Я был в пятом классе, а Рудинг в предпоследнем, когда в нашем общежитии разразился скандал, задевший честь и достоинство капитана нашей футбольной команды. Капитан был ирландец, здоровенный малый, который умел дать отпор противнику и был главной опорой своей команды. Случилось это накануне нашего первого футбольного состязания. Можете представить себе, что началось, когда столь важная персона отказалась участвовать в игре! Потерпев моральный и физический урон, он последовал примеру Ахиллеса в Троянской войне и удалился в свой боевой шатер. Стены нашего дома дрожали от ожесточенных споров. Я, как и все младшие, был на стороне Донелли, против шестого класса. После того, как он дезертировал, капитаном стал я, и от меня теперь зависело, будем ли мы вообще играть. Если бы я объявил забастовку в знак сочувствия, остальные последовали бы моему примеру. Вечером, после многочасовой «фронды», я сидел один, так и не решившись еще, что предпринять. В комнату вошел Рудинг, прислонился к дверному косяку и сказал:

– Ну как, Бартлет, ты-то не подкачаешь?

– По… по-моему, Донелли зря надавали… зря… – запинаясь пробормотал я.
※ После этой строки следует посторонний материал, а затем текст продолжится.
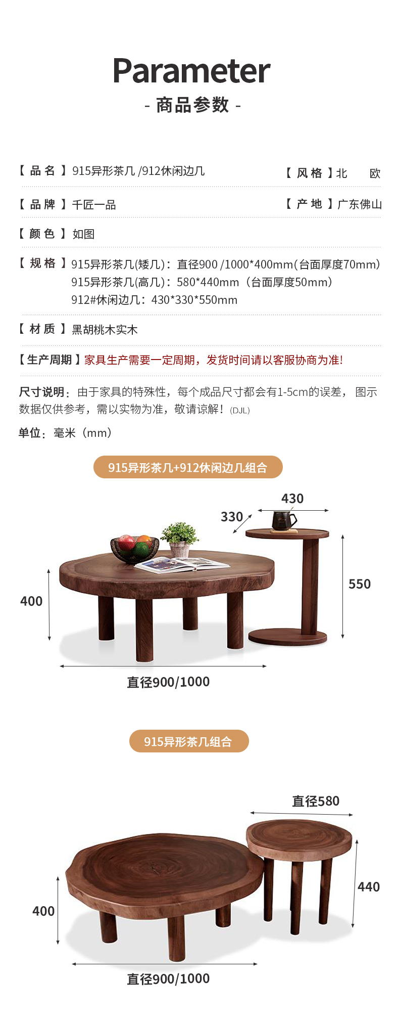 商品名称:千匠一品 北欧风格 黑胡桃木实木 时尚大气异形茶几915 休闲边几 912-J

– Может, это и так, – сказал он, – но интересы команды – превыше всего. Сам знаешь.

Кому сохранить верность? Раздираемый противоречивыми чувствами, я смолчал.

– Слушай, Бартлетенок, – сказал он вдруг, – ведь всем нам будет позор. Все зависит от тебя.

– Ладно, – хмуро отозвался я. – Буду играть.

– Молодчина!

– А все равно, по-моему, нечего было трогать Донелли, – бессмысленно повторил я. – Он… он ведь такой большой.

Рудинг подошел почти вплотную к старому скрипучему креслу, в котором я сидел.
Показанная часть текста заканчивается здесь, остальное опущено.